Technically madeleines  are  bite sized  sponge  cakes.   These   are  made  in the  madeleine  molds    and  acquires a  cookie  like   bite.  Call them   a cookie  if  you like ‘coz  these are perfect   with a  cup of  hot  tea.  The  recipe here  has a  little  baking  powder,  which  can  very well be avoided.  I add  it  as an  added  insurance to  compensate  for  loss  of   aeration   when  mixing  in   the   flour .  As  long  as    the  eggs  are   fluffed  up  well, there is  very little  chance  of  messing  up this  recipe.



Prep Time: 15 minutes

Cook Time: 15 minutes

Total Time: 45 minutes

Yield: About 2 and Half dozen


Eggs - 4
Vanilla - 1 Tsp
Granulated sugar - 160 gm (3/4 C)
AP Flour - 160 gms (1 1/3 C)
Baking Powder - 1/2 Tsp
Butter - 1/2 C
Salt - 1/8 Tsp


Melt the butter and set aside to cool a little. Prepare the molds. Pre heat the oven to 375°F (190°F). Sift the dry ingredients - flour , baking powder and salt- together.

Beat the egg well for 5 minutes. It should have doubled in volume and aerated well.
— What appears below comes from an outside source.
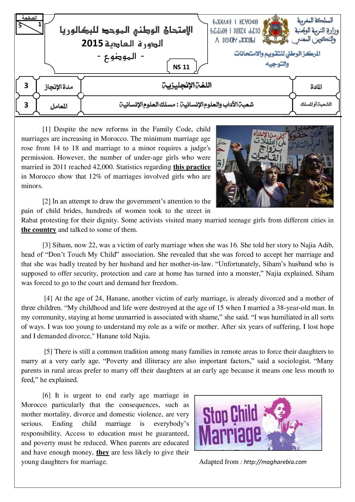 Examen Anglais Science Humaines 2015 Session Normale - Sujet

Add the vanilla essence and mix . To this add the fine sugar and slowly and beat in.

Add the flour mix in batches and mix in without forming a lumps. Slowly stream in the melted butter and mix using circular motions . The batter changes visibly . Pout into prepared madeline molds, filling each mold about 3/4 way full .

Transfer to the preheated oven and bake for 10 to 12 minutes . Cool in pan for a minute and invert into a cooling rack


The cook time mentioned is for golden crust on metal pans. If using silicone molds, increase the cook time by 2 to 3 minutes . For more browned look in crease the cook time by 2 minutes.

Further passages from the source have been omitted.